A memorial concert was held in Don's honor on June 15, 2014 at Lyman Hall on the Pomona College campus. We felt it was an appropriate way to gather local family, friends and colleagues together.  A reception was held following the concert in the Lyon Garden.





Impromptus D 899, Op. 90………………...…………...….Franz Schubert     

          1. Allegro molto moderato

          2. Allegro

 Etudes…………………………………………………..... Frédéric Chopin

          Op. 10 no. 12 (“Revoluntionary”)*

          Op. 10 no. 9

          Op. 10 no. 3 (“Tristesse”)

 Ballad no. 1 in G Minor*…..………………….……….... Frédéric Chopin

 Prelude in C# Minor  Op. 3 no.2……...……………...Sergei Rachmaninov

  Intermezzo Op. 118 no. 2*……………...…….................Johannes Brahms

 

*from Don Hafner’s repertoire

Don Hafner Christmas Letter 1999 (exerpt)

May 12, 2014

....Last spring, Anna spotted an announcement from Michael Deane Lamkin, head of the Scripps College Music Department, requesting community members to supplement the All-College Choir in two performances of Brahms’ ein deutsches Requiem.  Knowing my love for Brahms—and the Department’s need for baritones with a range of one octave—she signed me up, which led to many Saturday morning rehearsals, a tuxedo rental and one of the best musical experiences I’ve had in years.  Within a month, I was booked at the Orange County Performing Arts Center, under condition that I not sing but instead apply my efforts to foundation fundraising, which is my new job as an Associate Director.  So, in 1999, at age 46, I finally find myself in the performing arts (in a manner of speaking) and thoroughly enjoying it, although the commute to Costa Mesa is a bit of a bear.  The Center’s schedule includes everything from Broadway shows and jazz to classical ensembles, but our signature series is international dance, for which we are the primary venue on the West Coast.  Anna and the girls and I all saw the San Francisco Ballet’s Giselle in October, and we are looking forward to the Stuttgart and Bolshoi companies in the months to come.  It is safe to say that I have missed more concerts in the past six months that I attended in the previous six years (just as it is safe to say that I have forgotten more about science than I’m able to remember).

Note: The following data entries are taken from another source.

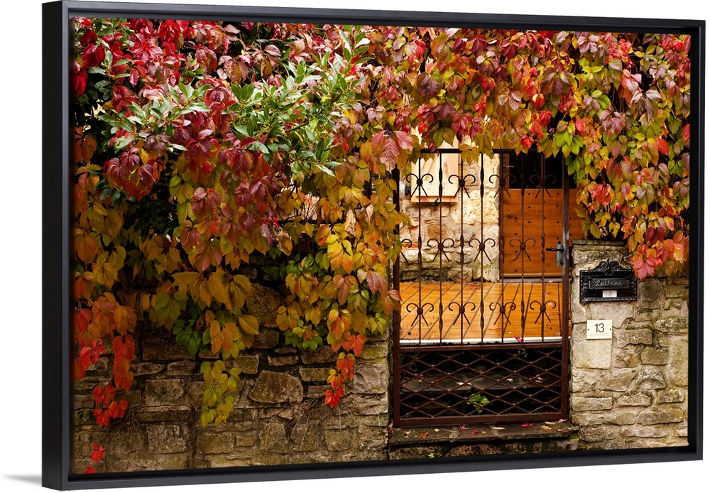 <p>France, Midi-Pyrenees Region, Tarn Department, Cordes-sur-Ciel, gate with autumn foliage</p>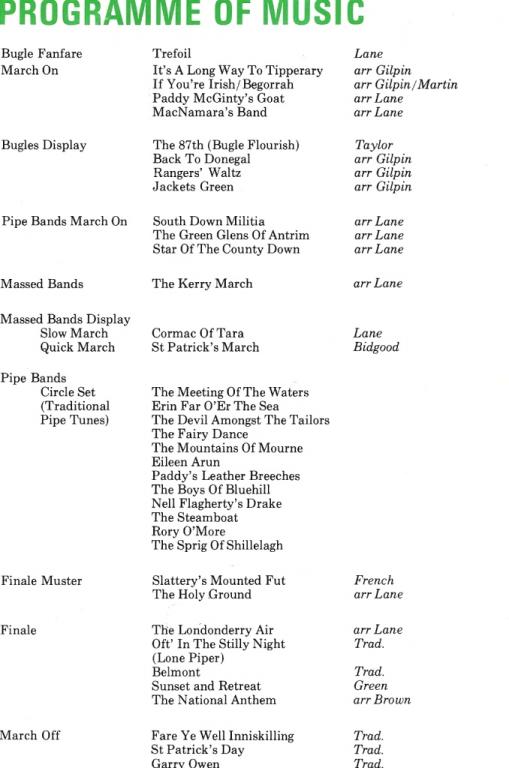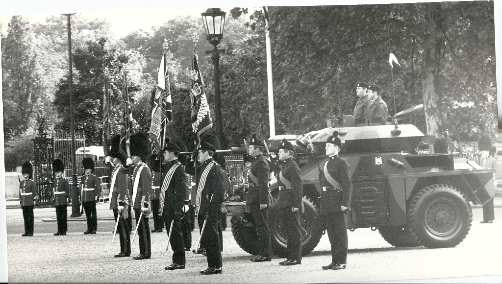 On 8 June 1981, the Bands, Bugles, Pipes and Drums of the Irish Regiments Beat Retreat on Horse Guards Parade in the presence of Her Majesty Queen Elizabeth The Queen Mother. Representatives of all the Irish regiments that remained in the British Army were assembled to take part in the traditional ceremony of Beating Retreat. The Guidons and Colours on parade commemorated past battles and glories. The 370 Battle Honours represented were evidence of the indomitable spirit of the Irish Soldier.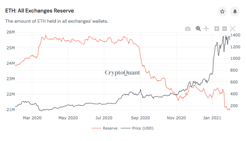 SponsoredNos últimos 30 dias, o total de ETH realizado nas exchanges atingiu uma mínima de 21 milhões, depois que quase 4 milhões deixaram as plataformas de negociação. Isso equivale a quase US $ 5 bilhões aos preços atuais. Essa queda realmente começou a acelerar a partir de setembro de 2020.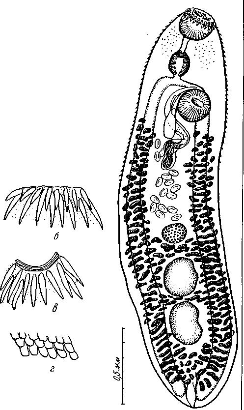 a — марита; 6 — шипы вокруг рта; в — женский половой аппарат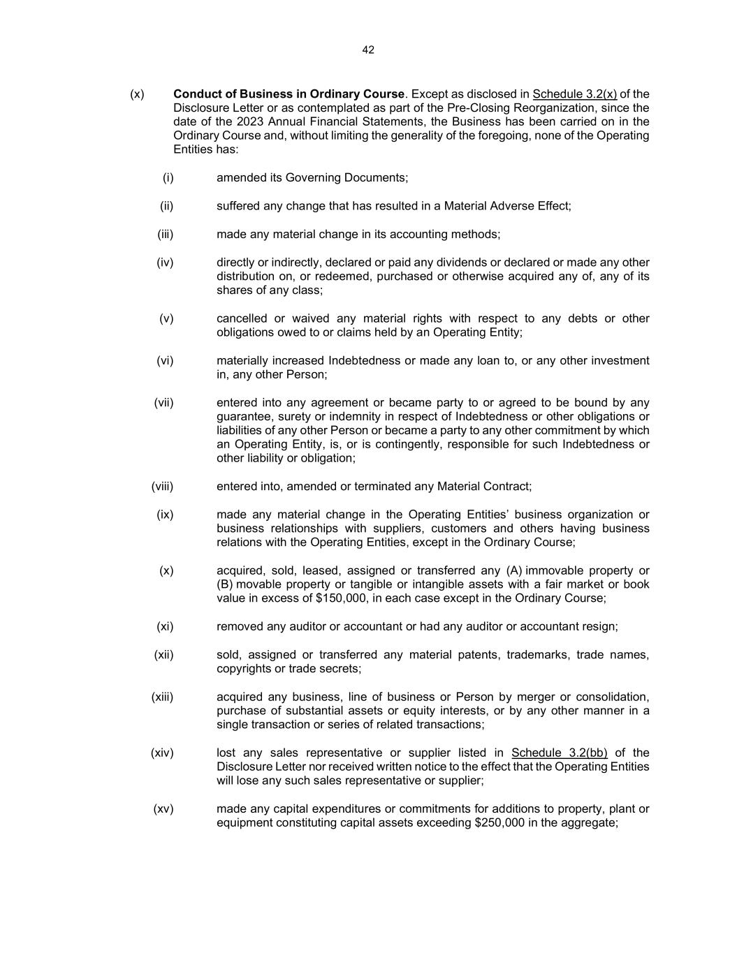 42 (x) Conduct of Business in Ordinary Course. Except as disclosed in Schedule 3.2(x) of the Disclosure Letter or as contemplated as part of the Pre-Closing Reorganization, since the date of the 2023 Annual Financial Statements, the Business has been carried on in the Ordinary Course and, without limiting the generality of the foregoing, none of the Operating Entities has: (i) amended its Governing Documents; (ii) suffered any change that has resulted in a Material Adverse Effect; (iii) made any material change in its accounting methods; (iv) directly or indirectly, declared or paid any dividends or declared or made any other distribution on, or redeemed, purchased or otherwise acquired any of, any of its shares of any class; (v) cancelled or waived any material rights with respect to any debts or other obligations owed to or claims held by an Operating Entity; (vi) materially increased Indebtedness or made any loan to, or any other investment in, any other Person; (vii) entered into any agreement or became party to or agreed to be bound by any guarantee, surety or indemnity in respect of Indebtedness or other obligations or liabilities of any other Person or became a party to any other commitment by which an Operating Entity, is, or is contingently, responsible for such Indebtedness or other liability or obligation; (viii) entered into, amended or terminated any Material Contract; (ix) made any material change in the Operating Entities’ business organization or business relationships with suppliers, customers and others having business relations with the Operating Entities, except in the Ordinary Course; (x) acquired, sold, leased, assigned or transferred any (A) immovable property or (B) movable property or tangible or intangible assets with a fair market or book value in excess of $150,000, in each case except in the Ordinary Course; (xi) removed any auditor or accountant or had any auditor or accountant resign; (xii) sold, assigned or transferred any material patents, trademarks, trade names, copyrights or trade secrets; (xiii) acquired any business, line of business or Person by merger or consolidation, purchase of substantial assets or equity interests, or by any other manner in a single transaction or series of related transactions; (xiv) lost any sales representative or supplier listed in Schedule 3.2(bb) of the Disclosure Letter nor received written notice to the effect that the Operating Entities will lose any such sales representative or supplier; (xv) made any capital expenditures or commitments for additions to property, plant or equipment constituting capital assets exceeding $250,000 in the aggregate;

This Christmas Eve, we are replacing our family reading of A Christmas Carol with tickets for the extended family to the South Coast Repertory Company’s production of the Dickens classic.  I’m looking forward to it, as I am the Brahms Bicentennial in 2033.  On behalf of Anna, Megan and Shana, and the Orange County Performing Arts Center (for which your contributions are tax deductible), I wish you all the best for a Happy Christmas and a Merry New Millennium.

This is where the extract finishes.